Considerable evidence has shown that a symptom-based diagnosis of psychotic illness incompletely captures biologically meaningful differentiations, often resulting in less-than-satisfactory treatments.
In the study, participants submitted to various cognitive, eye-tracking movement, and electroencephalography (EEG) tests as well as several modalities of magnetic resonance imaging (MRI). The group included psychotic individuals, their first-degree relatives, and a control group of subjects. Analysis of the results of the biomarker battery in 1,872 of those tested demonstrated three distinct clusters, or biotypes, of psychoses:
• Biotype 1 was the most impaired group, demonstrating poor cognition and eye-tracking capabilities, and the most brain tissue damage, primarily distributed over frontal, temporal and parietal regions of the brain. Although all of the usual psychosis diagnoses appear in Biotype 1, there was a slight predominance (59 percent) of schizophrenia cases in this most impaired biotype, and they tended to have more severe psychotic symptoms (hallucinations and delusions) than the other groups.
• Biotype 2 demonstrated cognitive impairment and poor eye-tracking, but exhibited high brain wave response as measured by EEG, something neuroscientists often call “noisy brain.” These individuals are often rated as over stimulated, hyperactive, or hypersensitive. Biotype 2 also had gray matter loss in frontal and temporal regions, but less than that found in Biotype 1. Biotype 2 cases also had worse scores on mood scales, such as depression and mania.
• Biotype 3 was the least impaired, with near-normal evaluations of cognition, EEG function, and brain structure.
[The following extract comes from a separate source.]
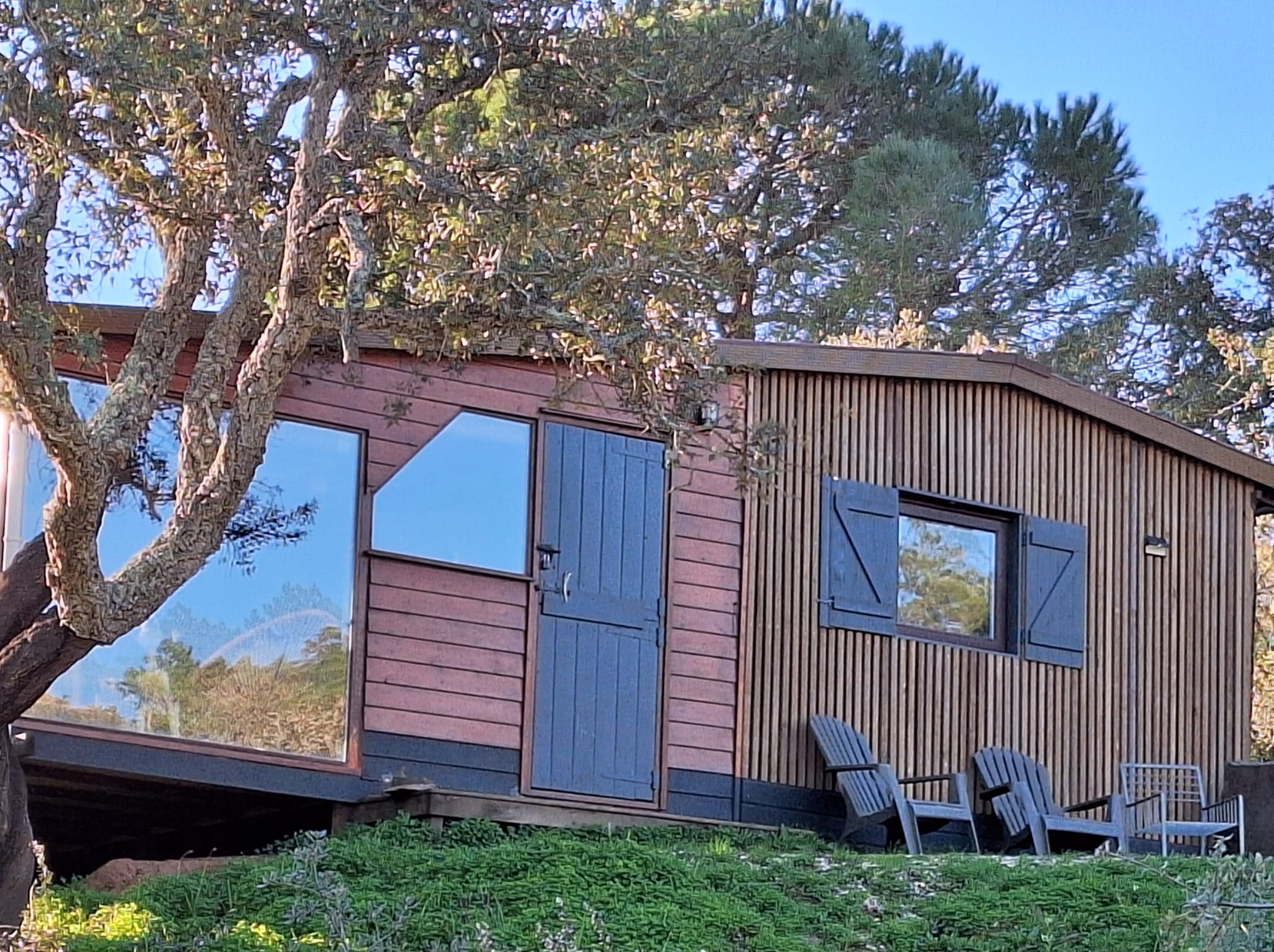 Also set within the landscape is a second dwelling, designed in a treehouse-style, and perfectly blended into nature. It includes two bedrooms, a kitchen, and a living space, each with stunning views. Mains water and electricity are connected here as well.

Their symptoms were of moderate severity. Subjects in this group were slightly more likely to be diagnosed with bipolar disorder (60 percent).
“What’s puzzling and fascinating at the same time is that all three biologically driven disease constructs, or biotypes, might be clinically diagnosed as having schizophrenia, schizoaffective, or bipolar disorder,” said Dr. Tamminga, who holds the Lou and Ellen McGinley Distinguished Chair in Psychiatric Research, and the Communities Foundation of Texas, Inc. Chair in Brain Science.
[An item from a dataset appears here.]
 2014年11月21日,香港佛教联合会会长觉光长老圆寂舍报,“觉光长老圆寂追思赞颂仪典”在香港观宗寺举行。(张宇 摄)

“There are multiple examples in other fields of medicine where use of biomarkers has led to a distinction of unique diseases that overlap in their symptom presentations,” said Dr. Tamminga. “Hopefully, this neurobiological examination of severe mental illness will lead to more precise, biologically meaningful diagnoses and novel treatments.”
Dr. John Sweeney, Adjunct Professor of Psychiatry and Pediatrics at UT Southwestern, was a Co-Principal Investigator. Dr. Sweeney holds the Townsend Distinguished Chair in Research on Autism Spectrum Disorders.
B-SNIP was funded by the National Institute of Mental Health, (NIMH) and is part of the NIMH Research Domain Criteria (RDoC) initiative, which aims to develop the fundamental data for basing psychiatric diagnoses on biological characteristics, instead of merely on clinical symptoms. The goal is to develop a framework for modeling mechanisms of brain diseases.
UT Southwestern recently established the Peter O’Donnell Jr. Brain Institute, a comprehensive initiative dedicated to better understanding the basic molecular workings of the brain and applying these discoveries to the prevention and treatment of brain diseases and injuries.